@David Bombač, Smaller grains results in more grain boundary fraction in the material and thus result in improved strength. But my question is , will it not result in loss of ductility at the same time?
I wouldn't think so. If you have smaller grain and same density of faults (dislocations, SF, ...) there is smaller amount of them in each grain and also distance to grain boundary where they can relive is shorter. But still it would depend a lot what material are you using, especially if there are some pinning particles.
And another question, are we talking about room temperature ductility or not?
@David Bombač :Yes we are talking about room temperature ductility. My understanding is that when we have a large fraction of grain boundaries in the material, the dislocations can be easily arrested at these grain boundaries and thus leading to increased strength and loss of ductility. Though we have still same defect density , their mobility is severely restricted because of smaller grain size , then how the ductility can remain the same?
By decreasing the grain size, there is a possibility to activation of new deformation mechanisms that are different from slip and twining, such as grain boundary sliding and grain rotation. these new mechanisms can increase the ductility in materials even by reduction of grain sizes, there is a very popular paper about this apposite response which is written by valiev et.al also I attached a photo you can see the unique behavior of some nano materials
To answer the question, we need to understand the mechanism of the Hall-Petch relation and its inverse. There is a new work that tries to combine both the Hall-Petch and its inverse in one model through presenting a multiscale model that enables description of both the Hall-Petch relation and its inverse in one equation without the need of prior knowledge of the grain size distribution, for more details, please see the following link:
It is often stated that “Grain boundary strengthening has the advantage that the ductility of the material does not decrease with decreasing grain size and increasing strength.” (Rösler, Harders, Bäker, Mechanical Behavior of Engineering Materials). This is an exception to the generally observed inverse relation between strength and toughness.
In this context it is important to differentiate between toughness, which requires a pre-existing crack or notch and ductility, which is the ability of the material to plastically deform and is usually determined in a tensile test, e.g. by the fracture strain.
Fine-grained structures usually have smaller potential flaws, which increases the stress to fracture.
Grain boundaries can also act as barriers to crack propagation, the different crystallographic orientations cause the crack change direction, and cracks can be bridged in fibrous grain structures.
For fracture to occur in a tensile test of a semi-brittle material, slip bands have to nucleate at the yield stress, these have to nucleate micro-cracks, and these micro-cracks have to propagate.

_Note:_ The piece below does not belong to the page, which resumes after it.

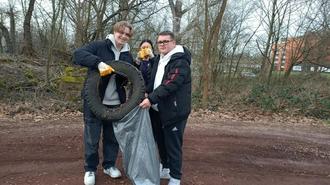 Schüler Berufsfachschule und der Berufsschule sammeln fleißig Müll.

Cottrell (A.H. Cottrell, Theory of brittle fracture in steel and similar metals, Trans. AIME 212 (1958) 192-203.) developed a model in which the stress for propagating a microcrack that was initiated at the intersection of two slip planes can be calculated to $\sigma_{f} \approx \frac{4 G \gamma_{m}}{k_{y}} d^{-1 / 2}$
with $\sigma_{f}=$ fracture stress $G=$ shear modulus $\gamma_{m}=$ plastic work done around a crack as it moves through the crystal $\begin{aligned} k_{y} &=\text { dislocation locking term from Hall-Petch relation \\ d &=\text { grain size } \end{aligned}$.
Which is similar to the Hall-Patch equation.
For more, see e.g. chap. 7.2.2. of Hertzberg, Vinci, Hertzberg, Deformation and Fracture Mechanics of Engineering Materials or p.325 of Haasen, Physical Metallurgy.